**Brief**
Leave every picture out and print exactly the lines that run from the one containing "This bingo card" to the end of the listing.

**Data extract**
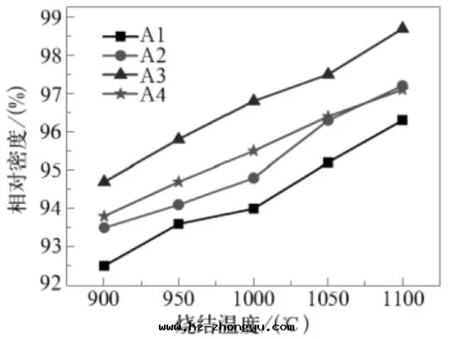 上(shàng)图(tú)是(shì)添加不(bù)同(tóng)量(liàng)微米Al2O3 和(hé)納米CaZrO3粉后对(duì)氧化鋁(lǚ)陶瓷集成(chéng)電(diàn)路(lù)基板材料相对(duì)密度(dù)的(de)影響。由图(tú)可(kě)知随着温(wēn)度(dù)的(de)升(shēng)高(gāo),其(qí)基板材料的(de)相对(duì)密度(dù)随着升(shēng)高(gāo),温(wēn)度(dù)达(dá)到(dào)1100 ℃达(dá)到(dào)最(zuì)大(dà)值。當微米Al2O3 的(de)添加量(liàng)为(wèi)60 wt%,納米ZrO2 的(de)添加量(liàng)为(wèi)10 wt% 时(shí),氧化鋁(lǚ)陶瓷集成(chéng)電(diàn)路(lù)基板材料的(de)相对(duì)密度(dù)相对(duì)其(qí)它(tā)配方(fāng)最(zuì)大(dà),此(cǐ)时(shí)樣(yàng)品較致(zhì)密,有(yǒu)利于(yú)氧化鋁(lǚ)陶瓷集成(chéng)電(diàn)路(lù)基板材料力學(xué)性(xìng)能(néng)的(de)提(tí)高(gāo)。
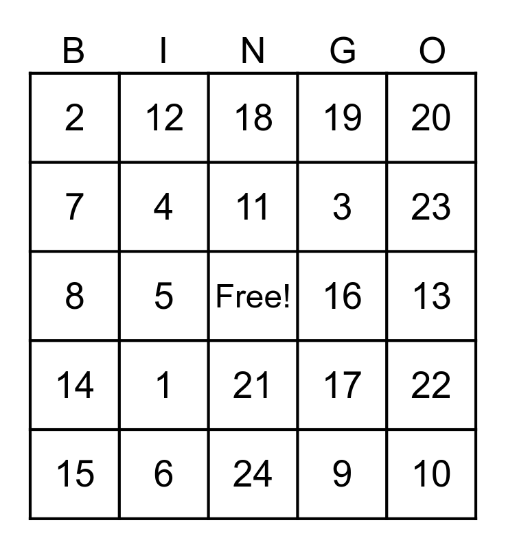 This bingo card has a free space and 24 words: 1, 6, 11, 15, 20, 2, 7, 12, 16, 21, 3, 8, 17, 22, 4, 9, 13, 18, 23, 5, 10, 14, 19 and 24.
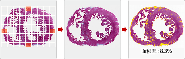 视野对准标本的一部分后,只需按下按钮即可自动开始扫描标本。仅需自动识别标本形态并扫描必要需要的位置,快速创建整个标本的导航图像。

**Answer for this exercise**
 This bingo card has a free space and 24 words: 1, 6, 11, 15, 20, 2, 7, 12, 16, 21, 3, 8, 17, 22, 4, 9, 13, 18, 23, 5, 10, 14, 19 and 24.
 视野对准标本的一部分后,只需按下按钮即可自动开始扫描标本。仅需自动识别标本形态并扫描必要需要的位置,快速创建整个标本的导航图像。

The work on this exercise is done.